• [WHAT TO PRODUCE]:
Word-for-word transcription needed. Include every entry below but no pictures.

Top of AVAILABLE DATA

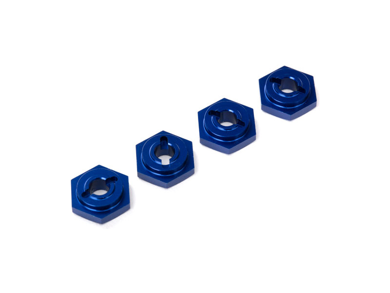 Hliníkový modrý náboj kola s čepy pro RC modely aut Traxxas 1:16. Balení obsahuje 4 kusy.
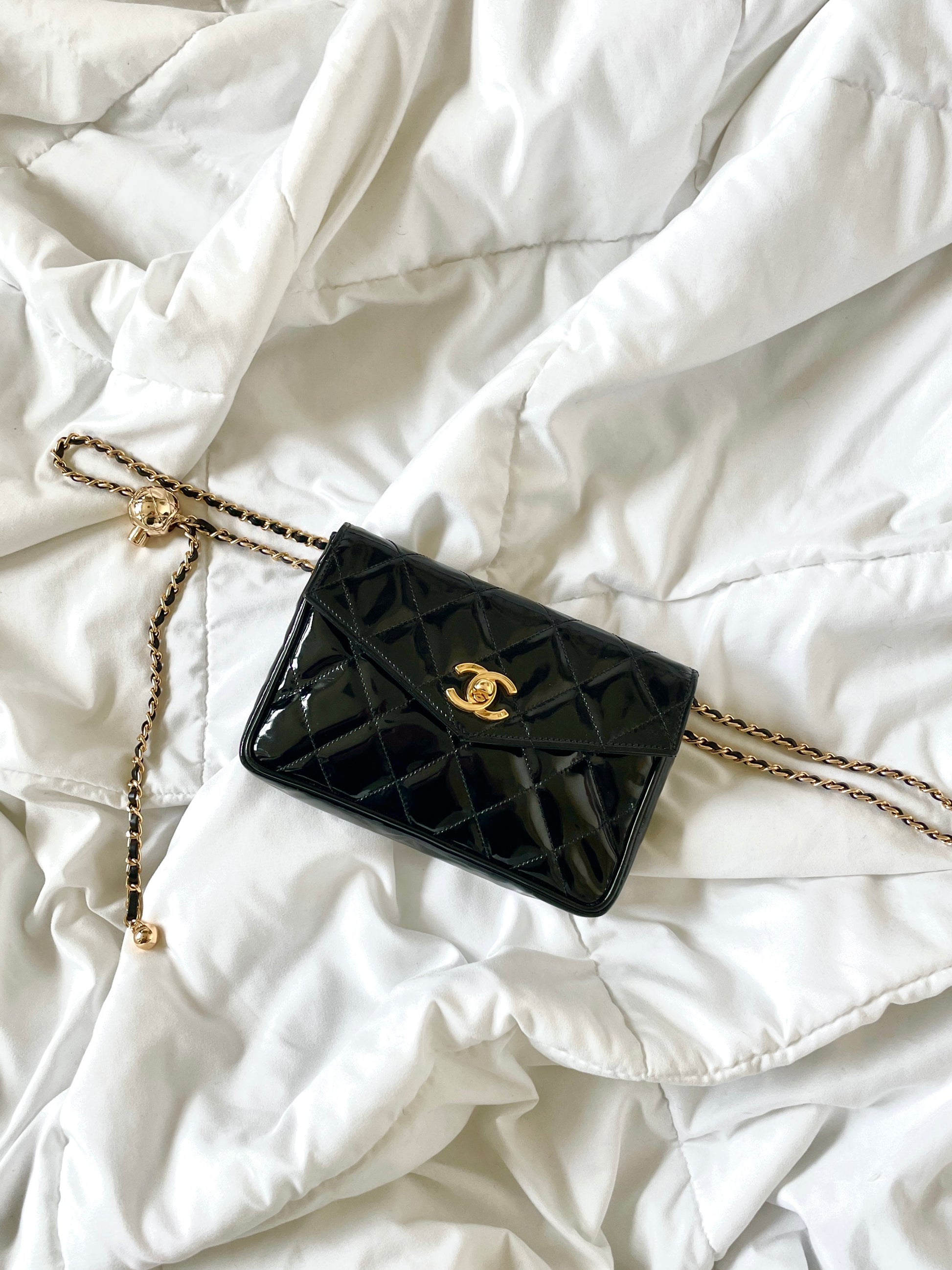 Bringing a Chanel bum bag to the shop!! This versatile piece?is crafted in patent leather! Goes with everything due to the color and style! Can fit a phone,?cardholder, and keys. Perfect for hands-free on-the-go! Generic chain added that adjusts!
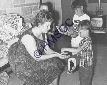 Accession Number:2001-51.592 Accession Date: Condition:good Location:Ward, box 8, folder 42 Keywords:Ward, Chancellor, KTTS, television, radio, women, children, bottle caps, boys Area of Origin:Springfield, MO Period:ca. 1965 Category:documentary artifact Object:print, photographic Maker:uk Description/History:A black and white photo of a woman collecting bottle caps from three small boys. News-Leader Photo Information:
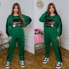 Довжина штанів : 107 см. Штани з високою посадкою , пояс на гумці , бічні кишені , бічні ломпаси , низ на манжеті . Кофта прямого покрою на манжеті , з нашивкою , рукава з ломпасом .
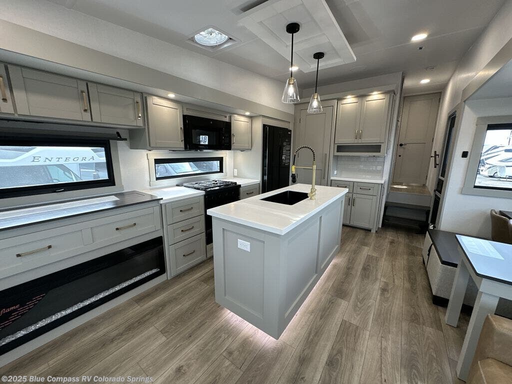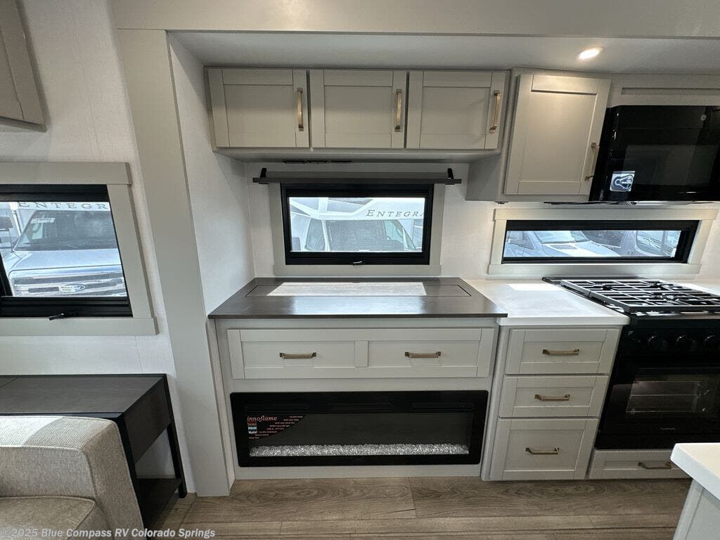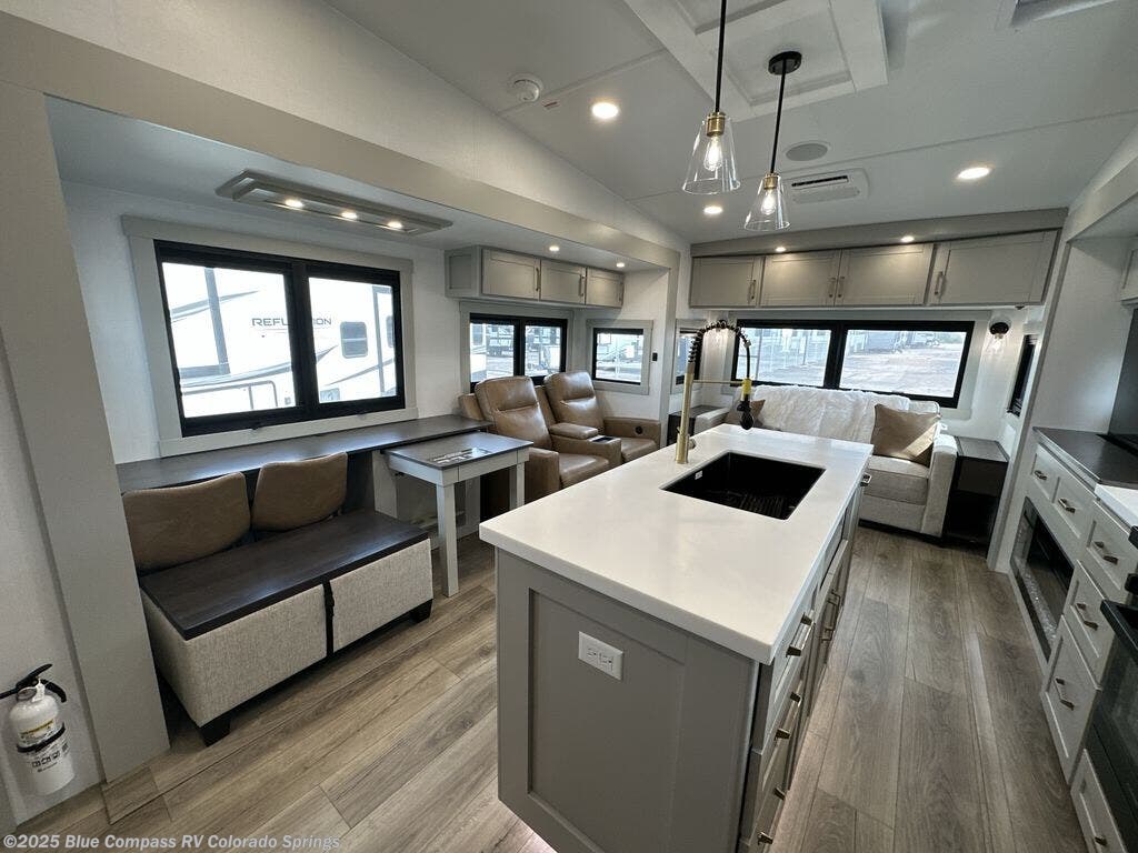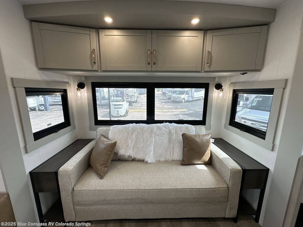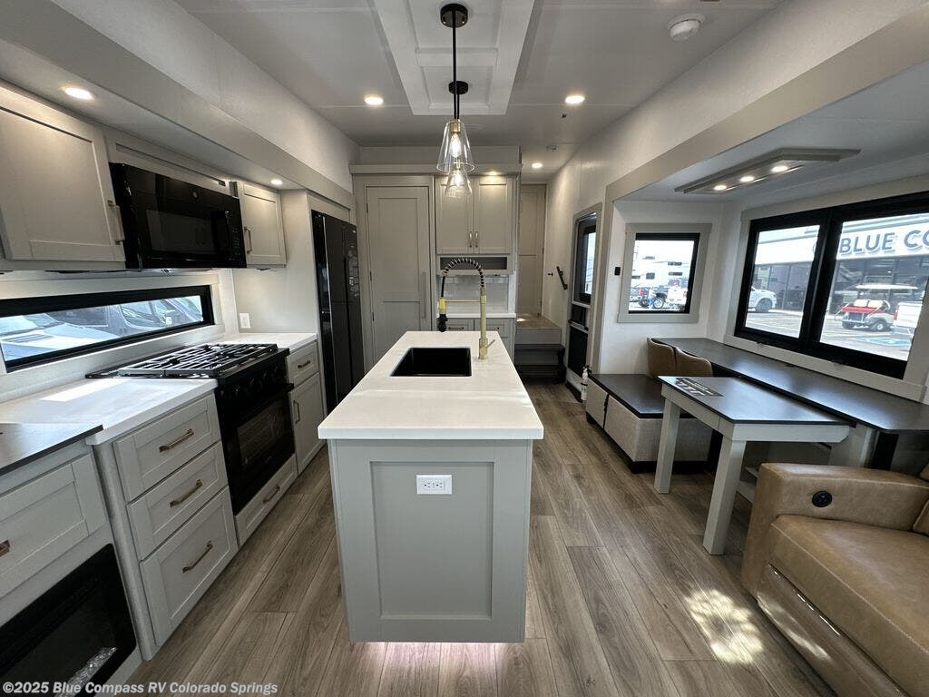 You're going to love every minute spent in this spacious fifth wheel that can sleep four. There is an inviting rear living area with a 72" tri-fold sofa and theater seating across from the televator and fireplace. The chef of your group can whip up dinner on the three burner cooktop or in the 30" residential microwave, and there is a 16 cu. ft. refrigerator that even opens when with the slide out is in. You will also enjoy the kitchen island with a farmhouse sink and roller cover, dual trash bins with a Stow N' Go paper towel holder, plus convenient dog bowls for your furry friends. You can store all your paper goods and snacks in the 84" pantry with adjustable shelving, and there is a hutch for nice dishes plus shoe storage in this model as well. Head to the front master bedroom where you'll find a queen bed with a TV, a large slide out with a wardrobe with drawers, plus a spacious bath.
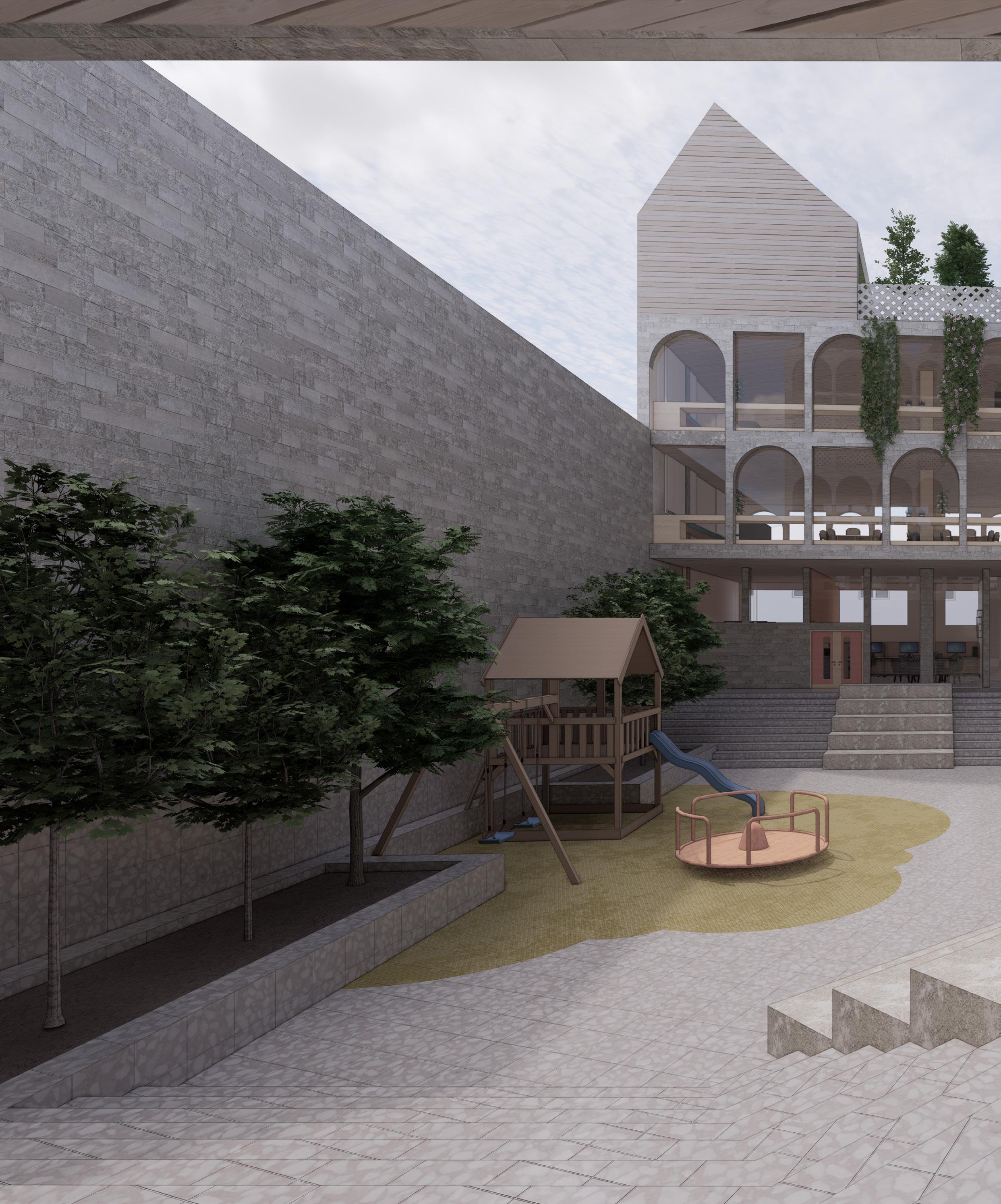 The intervention aims to bring people from all walks of life together in a location that will cultivate their children’s bright futures, through sustainable and modern architectural design.

Bottom of AVAILABLE DATA

• [TASK SOLUTION]:
 Hliníkový modrý náboj kola s čepy pro RC modely aut Traxxas 1:16. Balení obsahuje 4 kusy.
 Bringing a Chanel bum bag to the shop!! This versatile piece?is crafted in patent leather! Goes with everything due to the color and style! Can fit a phone,?cardholder, and keys. Perfect for hands-free on-the-go! Generic chain added that adjusts!
 Accession Number:2001-51.592 Accession Date: Condition:good Location:Ward, box 8, folder 42 Keywords:Ward, Chancellor, KTTS, television, radio, women, children, bottle caps, boys Area of Origin:Springfield, MO Period:ca. 1965 Category:documentary artifact Object:print, photographic Maker:uk Description/History:A black and white photo of a woman collecting bottle caps from three small boys. News-Leader Photo Information:
 Довжина штанів : 107 см. Штани з високою посадкою , пояс на гумці , бічні кишені , бічні ломпаси , низ на манжеті . Кофта прямого покрою на манжеті , з нашивкою , рукава з ломпасом .
 You're going to love every minute spent in this spacious fifth wheel that can sleep four. There is an inviting rear living area with a 72" tri-fold sofa and theater seating across from the televator and fireplace. The chef of your group can whip up dinner on the three burner cooktop or in the 30" residential microwave, and there is a 16 cu. ft. refrigerator that even opens when with the slide out is in. You will also enjoy the kitchen island with a farmhouse sink and roller cover, dual trash bins with a Stow N' Go paper towel holder, plus convenient dog bowls for your furry friends. You can store all your paper goods and snacks in the 84" pantry with adjustable shelving, and there is a hutch for nice dishes plus shoe storage in this model as well. Head to the front master bedroom where you'll find a queen bed with a TV, a large slide out with a wardrobe with drawers, plus a spacious bath.
 The intervention aims to bring people from all walks of life together in a location that will cultivate their children’s bright futures, through sustainable and modern architectural design.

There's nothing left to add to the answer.